Repository to hold the data and materials for the Wonderful Wednesday webinar series https://www.psiweb.org/sigs-special-interest-groups/visualisation/welcome-to-wonderful-wednesdays
The aim of the challenge to to design a visual patient listing or patient profile.
We are interested in novel ways to present a combination of measurements for an individual patient. For example, how can we combine information on a patients adverse events, lab measurements, medication use, vital signs, etc. We are looking for interesting ways to combine different measurements that provide new insights and help inform study teams.
The challenge aim is to provide example of how to present individual patient information.

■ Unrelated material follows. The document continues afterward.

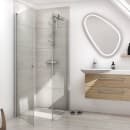 Den vendbare brusedør åbnes både indad og udad, hvilket gør den ideelle til badeværelser med begrænset plads, ligesom den, via de justerbare profiler, kan tilpasses skæve vægge.

In other words, how to best design visualizations that combine measurements at the patient level in an informative manner.
We revisit the Alzheimer data from a previous challenge. The data sets are in ADaM format following the CDISC standard.
In this challenge we will focus not only on the ADSL (subject level) data but also:
In this challenge we have filtered the data for an individual patient
and stored the files as .csv. We provide example data sets as /csv
files for a specific patient. For example,
adsl-01-701-1146.csv provides the study demog
data for patient 01-701-1146,
adae-01-701-1146.csv provides the adverse event
information for the same patient, and so on.
We also provide the original source data as .xpt in
data-raw folder. If you would prefer to select a different
patient, there is example code below to illustrate how this can be
achieved.
Documentation summarizing providing an overview over the variables in the data set and also the clinical study can be found in the data-raw folder:
Note, PHUSE host the original source of the CDISC pilot data and documents where additional information can be found.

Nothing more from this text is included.